The friends say Satyanarayan fell at Jindal’s feet, crying that he had spent around Rs 85 lakh to arrange for the DRDO team. So Ingole said they could give it another shot, “armed with a chemical composition that could stay stable only for 24 hours”. This was followed by a blast too, and a few scientists “collapsed”. Several litres of water had to be poured on them to bring them back.

Jindal repeated the doll could be opened only via robotics at the Hyderabad lab — it had been packed by India’s rocket man, no less — and “any further efforts here could endanger the city of Jaipur”. Also, the doll needed to be “retreated” at the Hyderabad lab.

By July 2018 end, Jindal was in Jaipur with a machine, “imported from Israel”, to test the doll’s range. There was good news: the range had increased, “from 58 to 68+” inches.

Eventually, the doll was sent to Hyderabad. Soon, Rencel’s Rakesh Goyal informed the friends that the testing at the DRDO had been successful and the range had increased even further, to “73.2 inches”.
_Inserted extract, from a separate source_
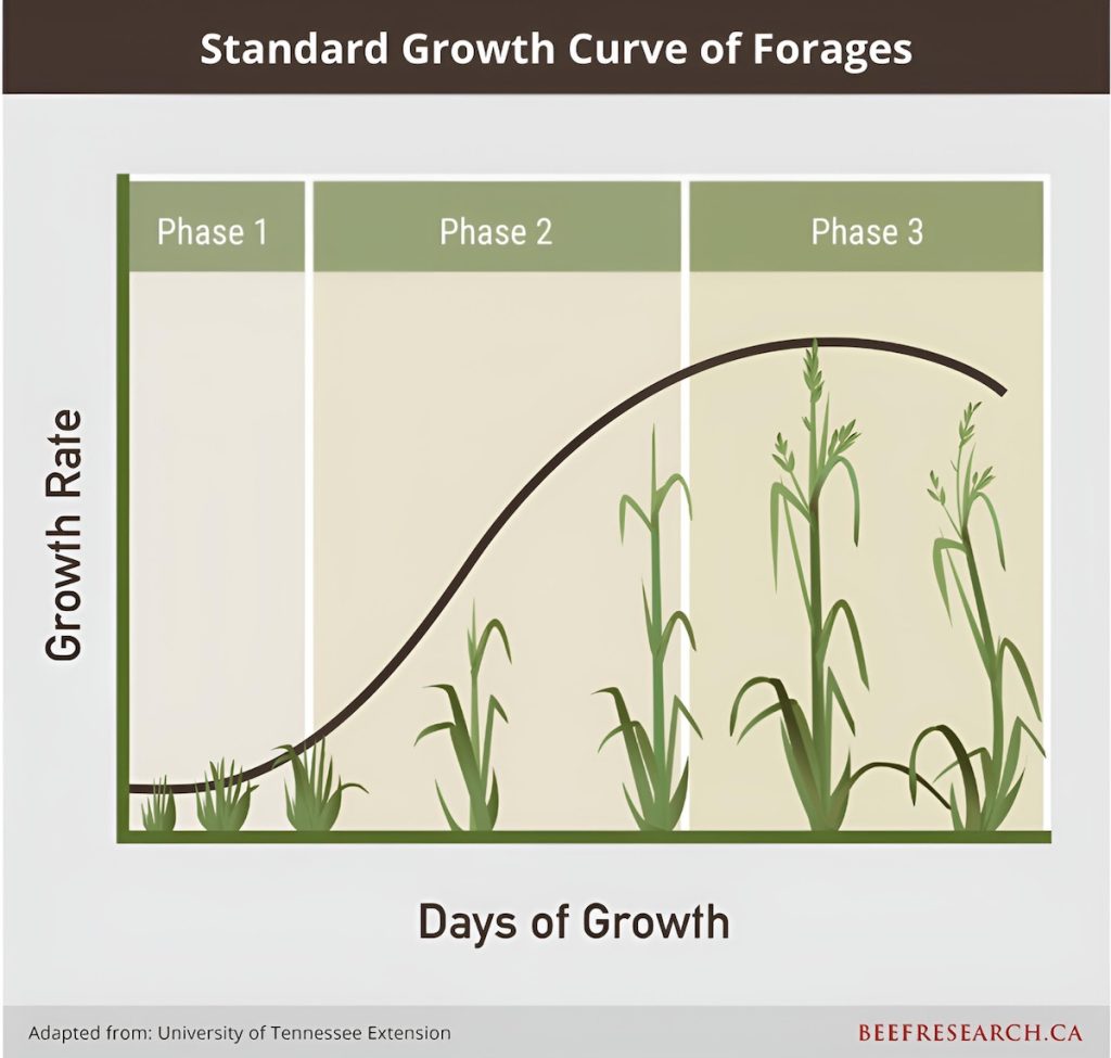 During early-season grazing, cattle remove critical leaf matter during Phase 1 of plant growth, when plants are especially vulnerable (Figure 1). At this point, the plant is relying heavily on root resources for growth and removing leaves during grazing reduces the leaf area available for photosynthesis. Managing grazing for lower plant utilization leaves more leaf area to photosynthesize and puts less stress on the plant roots. Extended rest periods provide additional time for the plants to both grow above ground and return nutrients to the roots. Without rest, desirable grazing plants lose their competitive advantage, leading to encroachment of undesirable or invader plant species.

So far, the three friends had spent around Rs 70 lakh and, for the latest procedure, gave Rs 81 lakh to Rencel, Rs 98 lakh to “DRDO” as re-testing charge, Rs 1.5 crore to “DRDO” for retreatment, and Rs 29 lakh for extra packing — 27, instead of 19, layers, due to “the increased radiation range”.

Waiting for the packaging “to dry”, over the next one month, the friends say they grew close to Satyanarayan. He took them to his office and showed them paintings such as a “self-portrait of Amrita Sher-Gil”, “works by Paul Gauguin, F N Souza, S H Raza, M F Husain”, and “a self-portrait by Leonardo da Vinci”, and suggested they could work together in the business of paintings too.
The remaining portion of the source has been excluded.